This sounds like an interesting way to participate in protesting war.
I got it last weekend and still haven't sent anything, but I am going to.
Elise
Food Not Bombs - - Act Now
Here's another suggestion for making a difference:
Place 1/2 c. uncooked rice in a small plastic bag (a snack-sized bag
or sandwich bag work fine). Squeeze out excess air and seal the bag. Wrap it in a piece of paper on which you have written: "If your enemies are hungry, feed them. Romans 12:20.
Please send this rice to the people of Iraq; do not attack them."
Place the paper and bag of rice in an envelope (either a letter-sized
or small padded mailing envelope - both are the same cost to mail) and
address them to:
President George Bush
White House
1600 Pennsylvania Ave. NW
Washington, DC
20500
USA
Attach $1.06 in postage. (Three 37 cent stamps equal $1.11)
Drop this in the mail TODAY. It is important to act NOW so that President Bush gets the letters ASAP.
In order for this protest to be effective, there must be hundreds of
thousands of such rice deliveries to the White House. We can do this
if we all forward this message to our friends and family. If every one of the tens of thousands of persons who think war is a mistake send them...imagine the impact.
There is a positive history of this protest! Read on!
"In the mid 1950s, the pacifist Fellowship of Reconciliation, learning
of famine in the Chinese mainland, launched a "Feed Thine Enemy" campaign.
Members and friends mailed thousands of little bags of rice to the
White House with a tag quoting the Bible, "If thine enemy hunger, feed him."
As far as anyone knew for more than ten years, the campaign was an abject failure. The President did not acknowledge receipt of the bags publicly; certainly no rice was ever sent to China.
"What nonviolent activists only learned a decade later was that the
campaign played a significant, perhaps even determining role in preventing nuclear war. Twice while the campaign was on, President Eisenhower met with the Joint Chiefs of Staff to consider US options in the conflict with China over two islands, Quemoy and Matsu. The generals twice recommended the use of nuclear weapons.
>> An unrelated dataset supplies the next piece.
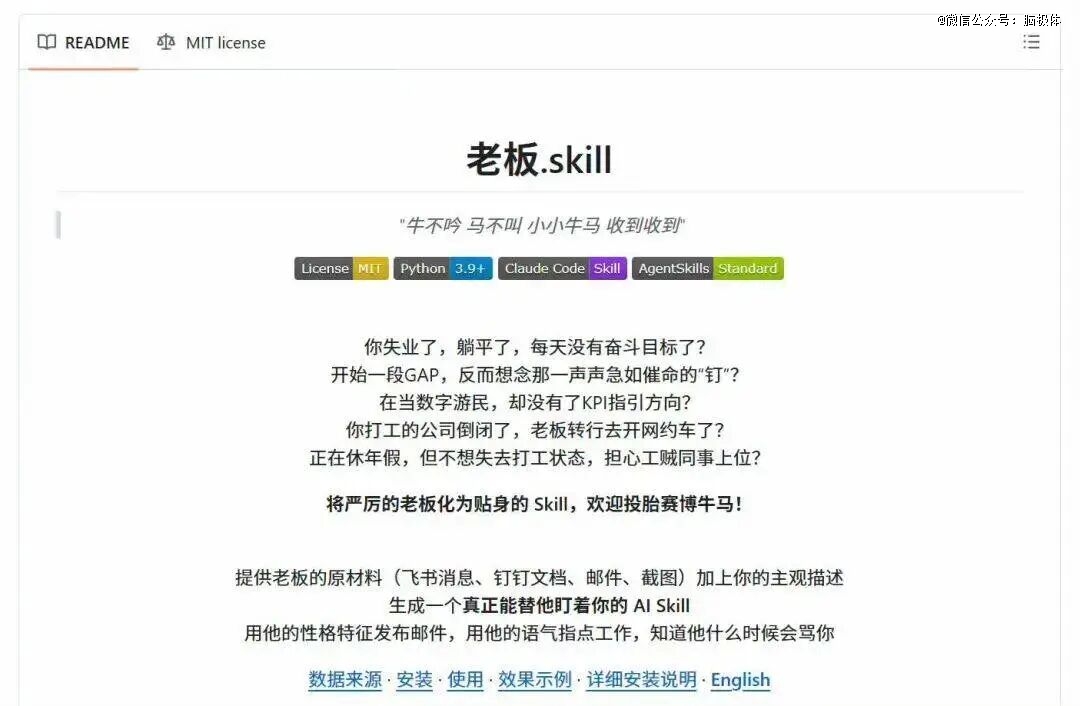 这款skill可以将老板的管理风格、决策逻辑、说话语气逐一抽象成Agent,喜欢听老板说话的打工人有福了,以后能随时随地跟赛博老板交流了。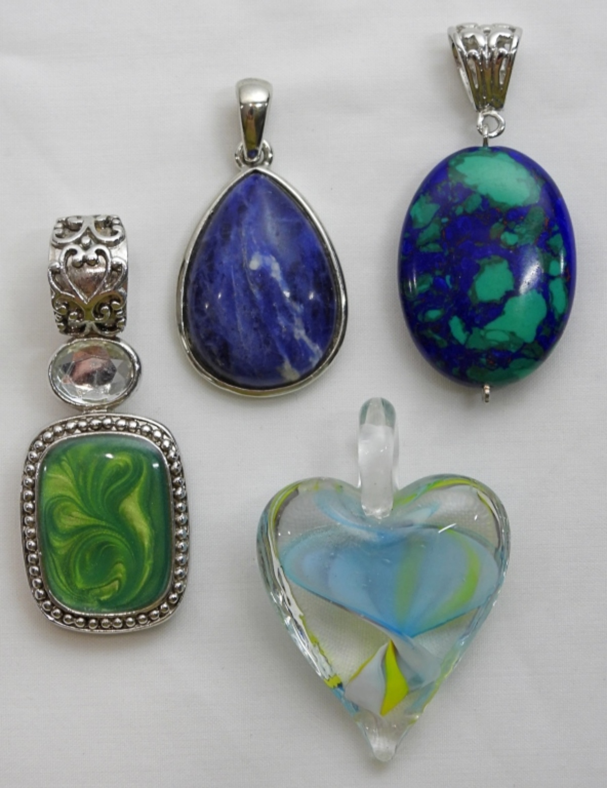4 PRETTY COLORFUL WOMENS PENDANTS, FAUX GEM STONES, BLUE, YELLOW, AND GREEN COLORED PENDANTS

President Eisenhower each time turned to his aide and asked how many little bags of rice had come in. When told they numbered in the tens of thousands, Eisenhower told the generals that as long as so many Americans were expressing active interest in having the US feed the Chinese, he certainly wasn't going to consider using nuclear weapons against them."
From: People Power: Applying Nonviolence Theory by David H. Albert, p.
43, New Society.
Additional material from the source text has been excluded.